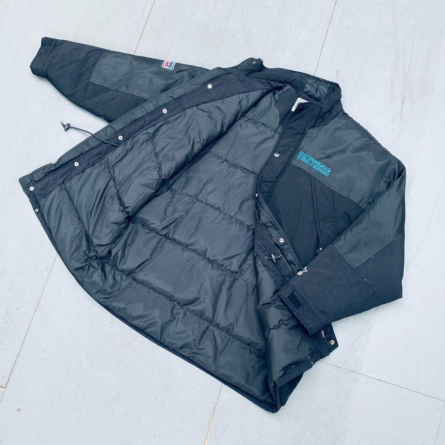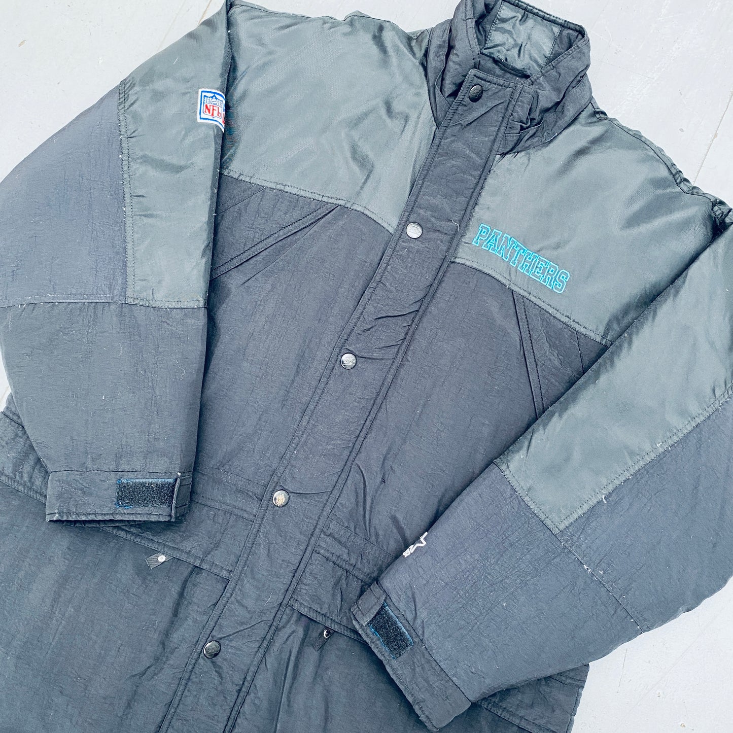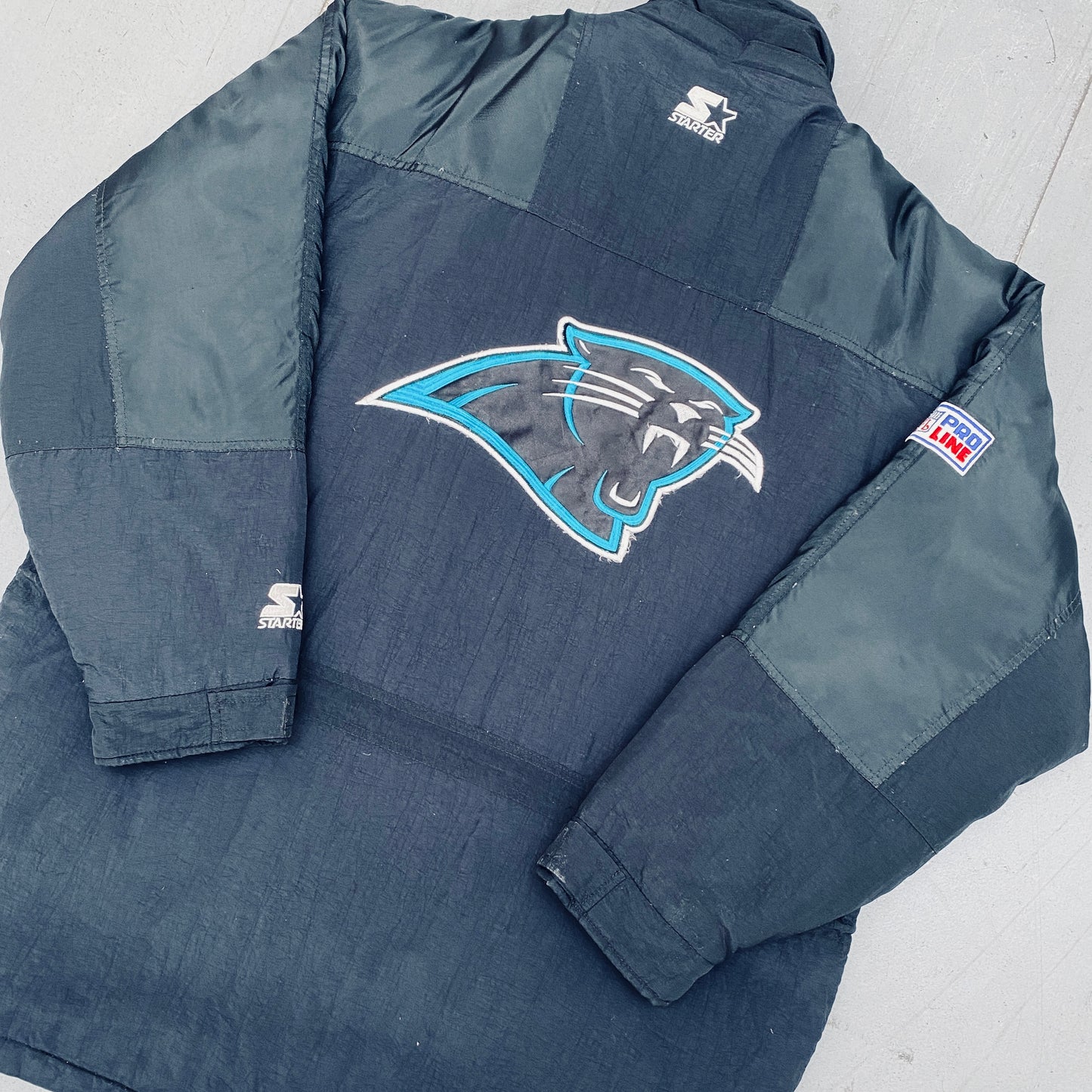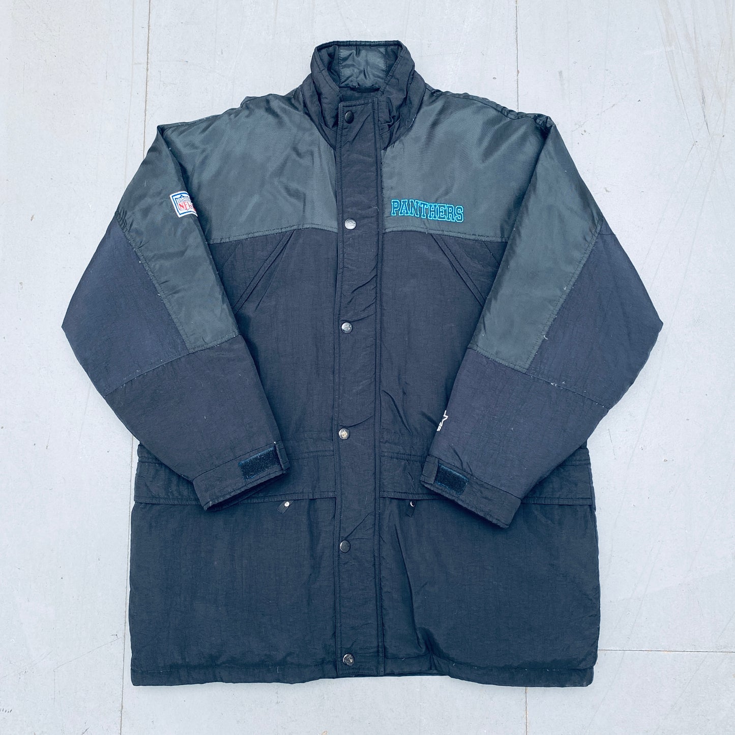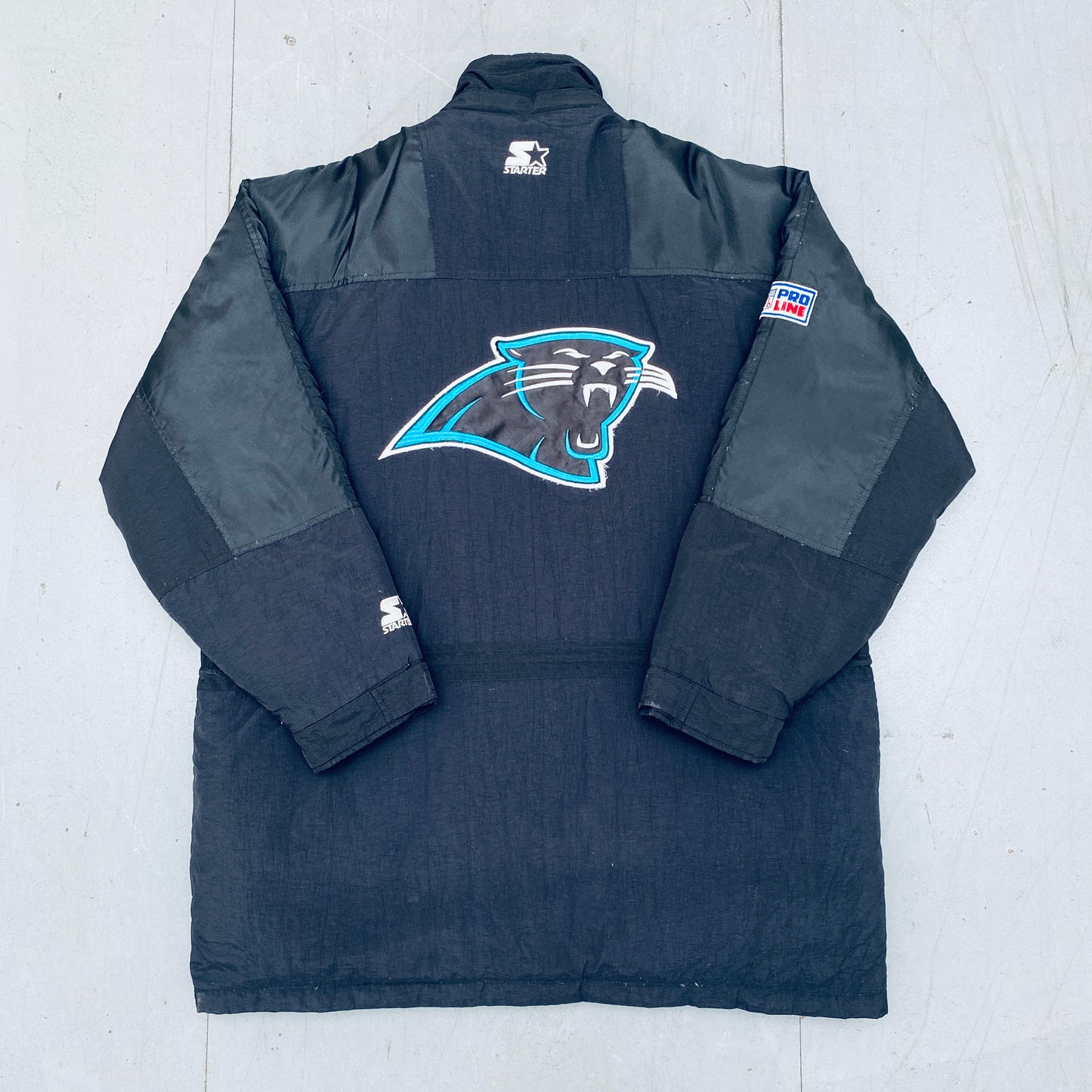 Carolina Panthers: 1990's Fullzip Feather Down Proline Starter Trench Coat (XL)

---

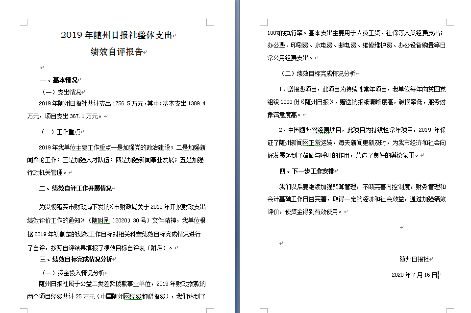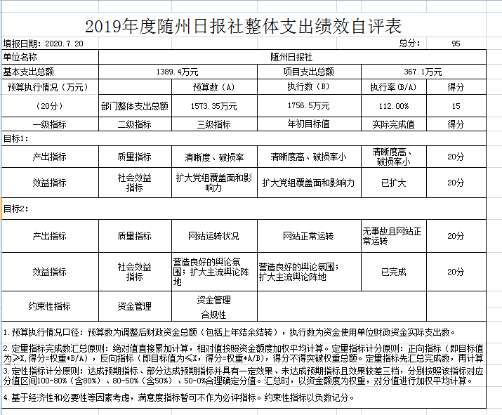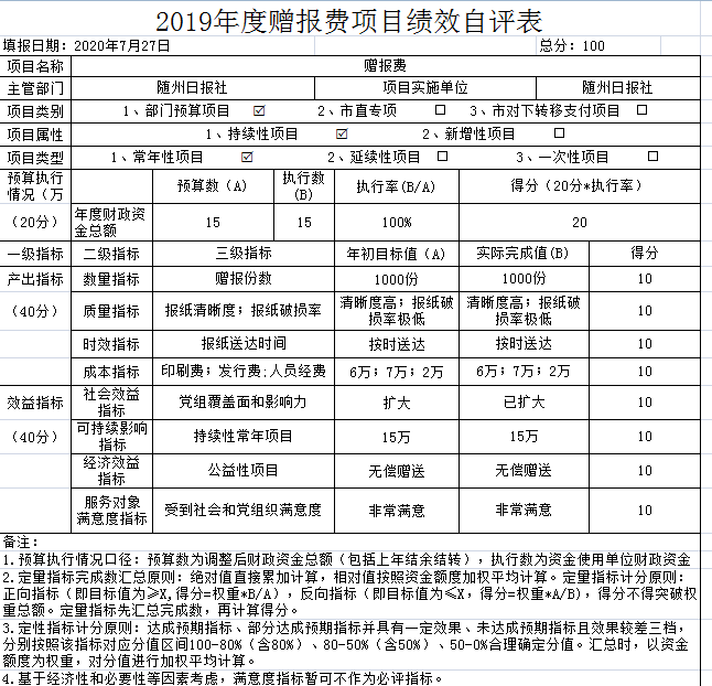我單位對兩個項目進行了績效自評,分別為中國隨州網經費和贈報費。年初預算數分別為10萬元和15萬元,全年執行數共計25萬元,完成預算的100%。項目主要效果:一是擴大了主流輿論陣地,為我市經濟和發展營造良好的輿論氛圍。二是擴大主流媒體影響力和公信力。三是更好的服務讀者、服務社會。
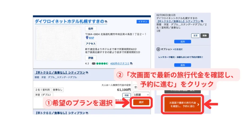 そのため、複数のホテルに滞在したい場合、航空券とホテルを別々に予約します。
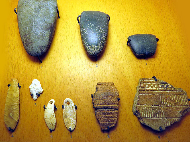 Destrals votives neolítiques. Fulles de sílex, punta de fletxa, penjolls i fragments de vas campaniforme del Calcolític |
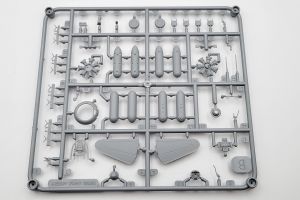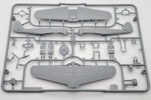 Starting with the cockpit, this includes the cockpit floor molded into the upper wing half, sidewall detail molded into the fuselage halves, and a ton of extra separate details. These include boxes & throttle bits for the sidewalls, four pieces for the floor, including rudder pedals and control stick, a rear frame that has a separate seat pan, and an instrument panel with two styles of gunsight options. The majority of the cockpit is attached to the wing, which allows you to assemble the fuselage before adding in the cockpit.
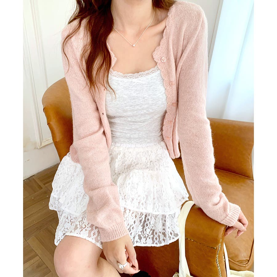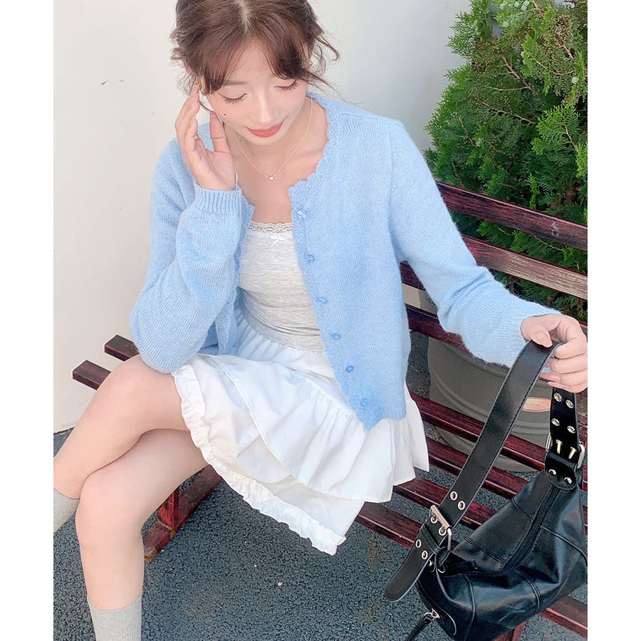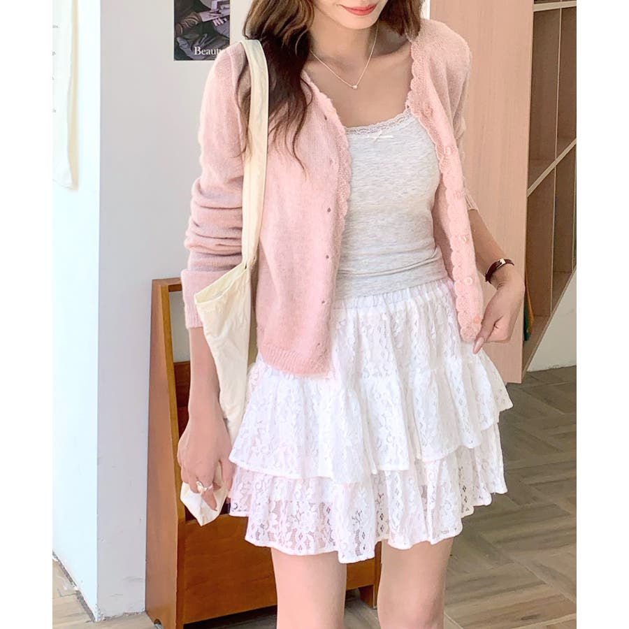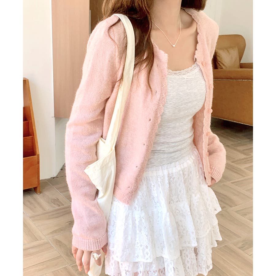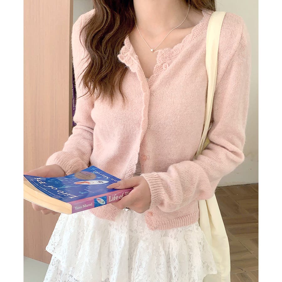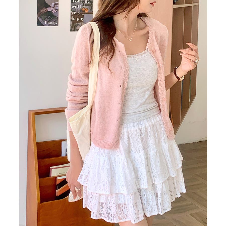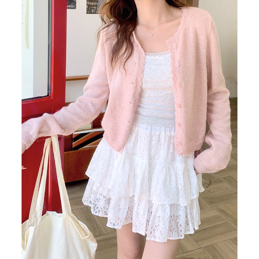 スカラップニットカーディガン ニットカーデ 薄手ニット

## [EXERCISE PROMPT]
I would like the exact lines from the data above, starting with the one that holds "我單位對兩個項目進行了績效自" and going on through the one that holds "スカラップニットカーディガン ニットカーデ 薄手ニット", without the pictures.

## [THE COMPLETED TASK]
我單位對兩個項目進行了績效自評,分別為中國隨州網經費和贈報費。年初預算數分別為10萬元和15萬元,全年執行數共計25萬元,完成預算的100%。項目主要效果:一是擴大了主流輿論陣地,為我市經濟和發展營造良好的輿論氛圍。二是擴大主流媒體影響力和公信力。三是更好的服務讀者、服務社會。
 そのため、複数のホテルに滞在したい場合、航空券とホテルを別々に予約します。
 Destrals votives neolítiques. Fulles de sílex, punta de fletxa, penjolls i fragments de vas campaniforme del Calcolític |
 Starting with the cockpit, this includes the cockpit floor molded into the upper wing half, sidewall detail molded into the fuselage halves, and a ton of extra separate details. These include boxes & throttle bits for the sidewalls, four pieces for the floor, including rudder pedals and control stick, a rear frame that has a separate seat pan, and an instrument panel with two styles of gunsight options. The majority of the cockpit is attached to the wing, which allows you to assemble the fuselage before adding in the cockpit.
 スカラップニットカーディガン ニットカーデ 薄手ニット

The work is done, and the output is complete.